Royal Ascot is the five-day race meeting held each June at Ascot Racecourse in Berkshire. Queen Anne founded the racecourse in 1711 ‘for horses to gallop at full stretch’. But it wasn’t until two hundred years later that Ascot’s summer race meeting officially became a Royal week. Beginning with a Royal Procession of carriages each day, it continues to draw enormous crowds of both racing enthusiasts and social butterflies.

When does it take place?

This year, Royal Ascot – pronounced ‘Askut’ rather ‘Ascott’ – starts on Tuesday June 18 and ends on Saturday 22 June.

Who goes?

Anybody with a fondness for the gee-gees, a society event or British summertime revelry can buy a ticket and go. Each year, 300,000 people attend Royal Ascot in its various enclosures. The race meeting is most famous for its Royal Enclosure, which is the most exclusive area and is accessible only to members and their guests.

What will I do when I get there?

Primarily, you will watch the world’s best racehorses compete on one of its finest racecourses. You may even bet on one or two. You’ll also spend a lot of time looking at what people are wearing, drinking champagne and soaking up a fun and festive atmosphere.

What precisely is the dress code at Royal Ascot?

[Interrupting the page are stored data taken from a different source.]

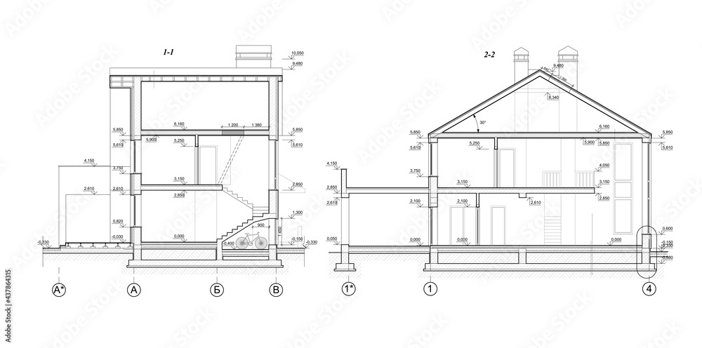 Canvas-taulu Private house section, detailed architectural technical drawing, vector blueprin
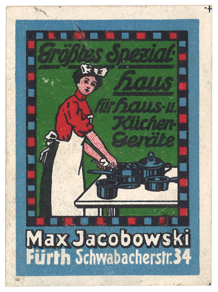 | Dateiinfo (Bild-Unterschrift und Info-Box, automatisch erstellt) | Historische Reklamemarke, Küchen-Bazar Max Jacobowski, um 1910 Lizenz: CC BY-SA 3.0 | ||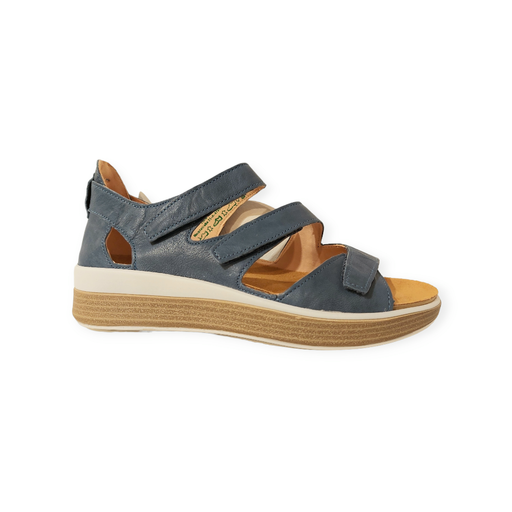 De Think! Sandaal Meggie 3-000795-8000 Denim Blauw is een mooie sandaal met een uitstekende pasvorm. Het bovenwerk is gemaakt van prachtig denim, blauw, glad leer. Het leer is natuurlijk gelooid. De sandaal is ook volledig leer gevoerd en verstelbaar met 3 klittenbanden. De sandaal heeft een goed voetbed, die ook verwisselbaar is, zodat ze uitermate geschikt zijn om te dragen met een eigen steunzool. Met een lichtgewicht en slijtvaste loopzool die het loopcomfort optimaliseert.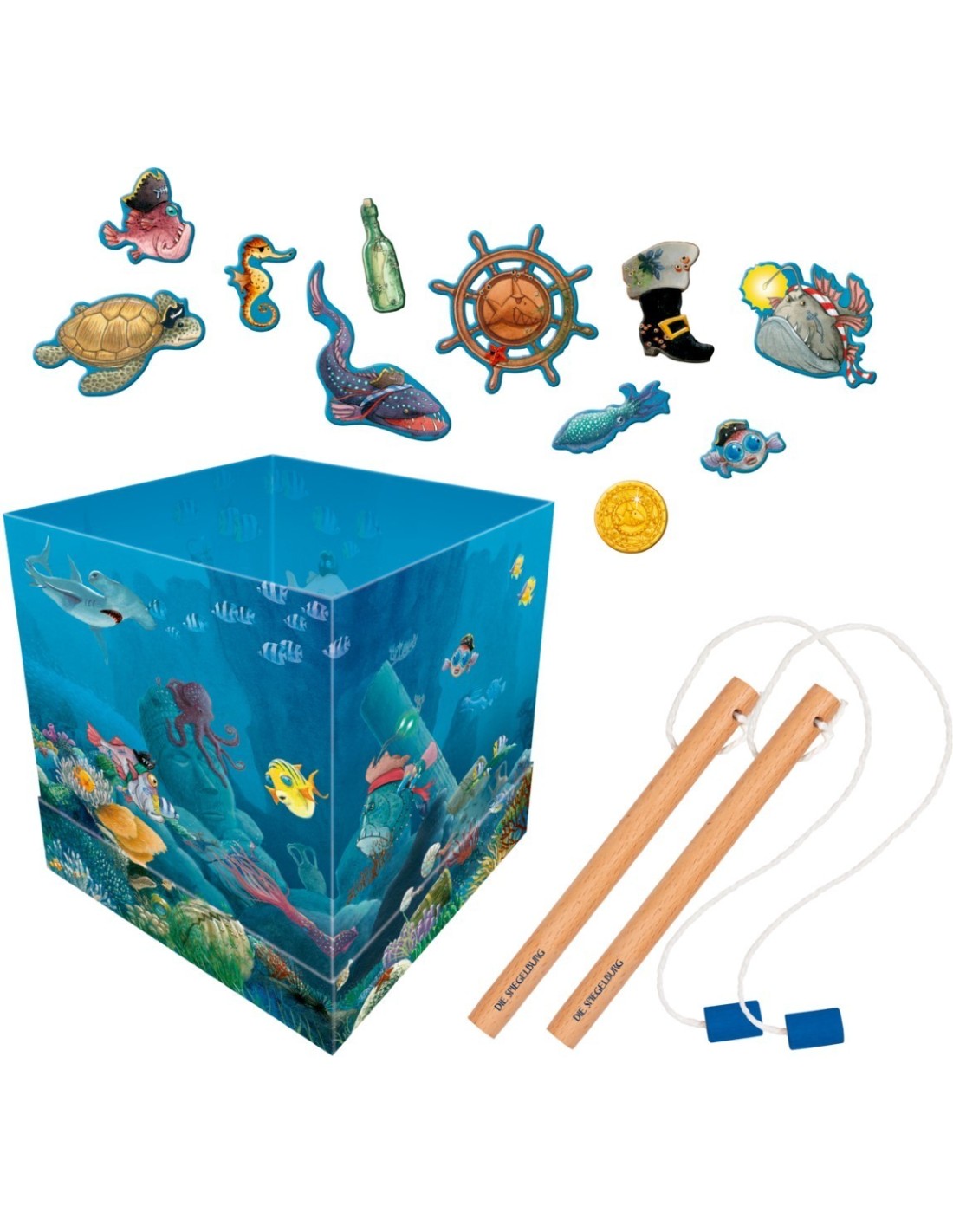 Hinge and fishes made of wood, plastic and metal / fish tank made of cardboard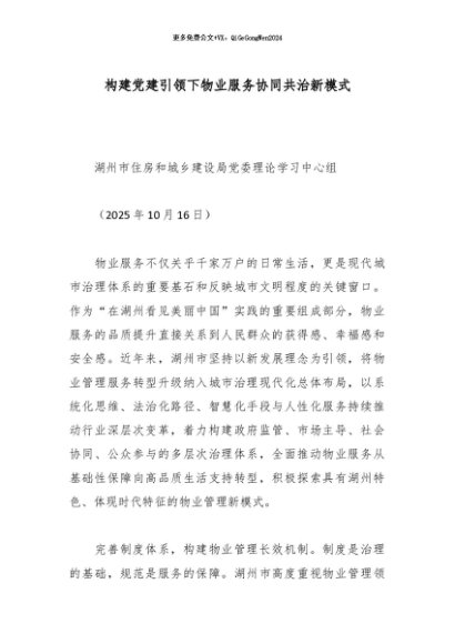 / 【七哥公文】2025年:构建党建引领下物业服务协同共治新模式_副本+更多免费公文+VX:QiGeGongWen2024

Since the early 19th century and the days of Beau Brummel, the arbiter of men’s fashion, there has been a dress code at Royal Ascot. These days it is more relaxed than it has been historically. Each enclosure has their own rules, which are most strict in the Royal Enclosure. There, women must wear hats and skirts that are no shorter than just above the knee and men must wear morning suits, top hats and socks that cover the ankle.

Why do people love it so?

Ed Chamberlin, who presents ITV’s coverage of Royal Ascot with Francesca Cumani each day, says: ‘No other sport can claim to host five days of such sustained sporting excellence as Royal Ascot. Every day has Group One action and when you add the fashion, pageantry and fun you have a unique, spectacular event, which is a privilege to present.’